NHYPERGEOM
Overview
The NHYPERGEOM function computes values for the negative hypergeometric distribution, a discrete probability distribution that models sampling without replacement from a finite population until a specified number of failures is observed. Unlike the standard hypergeometric distribution, which counts successes in a fixed sample size, the negative hypergeometric distribution describes the number of successes encountered before accumulating a target number of failures.
Consider a population containing M objects, of which n are classified as “successes” (e.g., red balls) and M - n are “failures” (e.g., blue balls). Objects are drawn one at a time without replacement until r failures have been observed. The negative hypergeometric distribution gives the probability of observing exactly k successes during this sampling process. This distribution is particularly useful in quality control, ecological sampling, and clinical trial design where sampling stops after encountering a certain number of defective items or negative outcomes.
The probability mass function (PMF) is defined as:
f(k; M, n, r) = \frac{\binom{k+r-1}{k} \binom{M-r-k}{n-k}}{\binom{M}{n}}where k \in [0, n] represents the number of successes, n \in [0, M] is the total number of successes in the population, and r \in [0, M-n] is the number of failures required to stop sampling. The distribution has expected value E[X] = \frac{rn}{M - n + 1} and variance \text{Var}[X] = \frac{rn(M+1)(M-n-r+1)}{(M-n+1)^2(M-n+2)}.

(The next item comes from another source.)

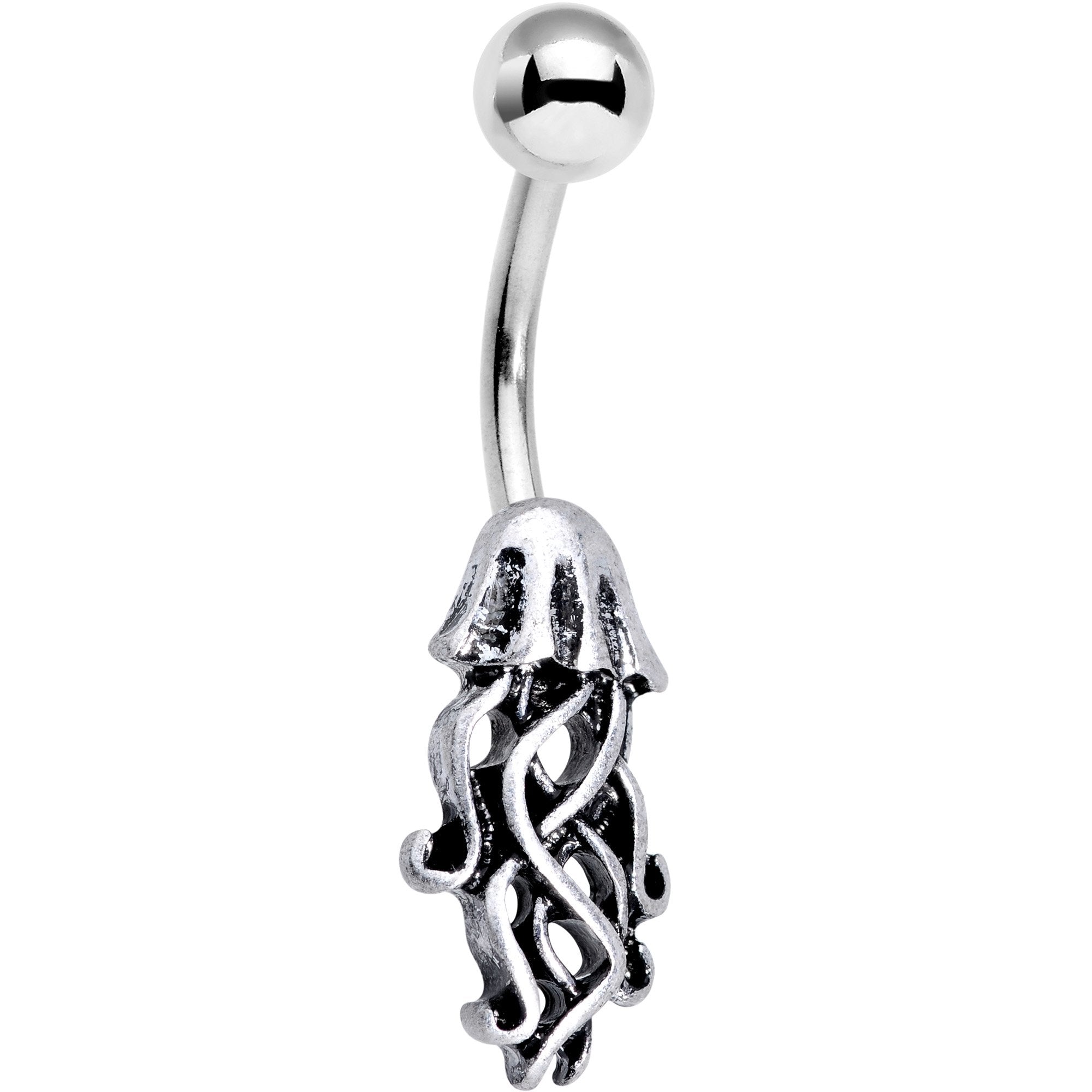 This pack of four belly rings is soaked in underwater style! Included in this pack of 14 gauge belly button piercings are a jellyfish belly ring, a blue gem starfish belly ring, a mermaid scale accent belly ring, and an ocean blue gem belly ring. Each belly ring is 3/8" in length and features a curved barbell made with durable 316L surgical grade stainless steel. This treasure trove of belly rings is perfect for any ocean lover! Sold as a set of four.

The negative hypergeometric distribution is closely related to several other distributions. It is a special case of the beta-binomial distribution and has an analogous relationship to the hypergeometric distribution as the negative binomial has to the binomial—both “negative” variants involve sampling until a fixed number of failures rather than a fixed sample size, but differ in whether sampling is with or without replacement.
This implementation uses SciPy’s scipy.stats.nhypergeom module, which provides methods for computing the PMF, CDF, survival function, inverse CDF (percent point function), and descriptive statistics. For more background on the distribution, see the negative hypergeometric distribution on Wikipedia.
This example function is provided as-is without any representation of accuracy.
Excel Usage
=NHYPERGEOM(k, m, n, r, nhypergeom_mode, loc)k(list[list], required): Value(s) at which to evaluate the distribution (number of Type I objects drawn for pmf/cdf/sf, probability for icdf/isf, ignored for statistics modes).m(int, required): Total number of objects in the population (must be >= 1).n(int, required): Number of Type I objects in the population (0 <= n <= m).r(int, required): Number of Type II objects to draw before stopping (0 <= r <= m-n).nhypergeom_mode(str, optional, default: “pmf”): Output type to compute.loc(float, optional, default: 0): Location parameter that shifts the distribution.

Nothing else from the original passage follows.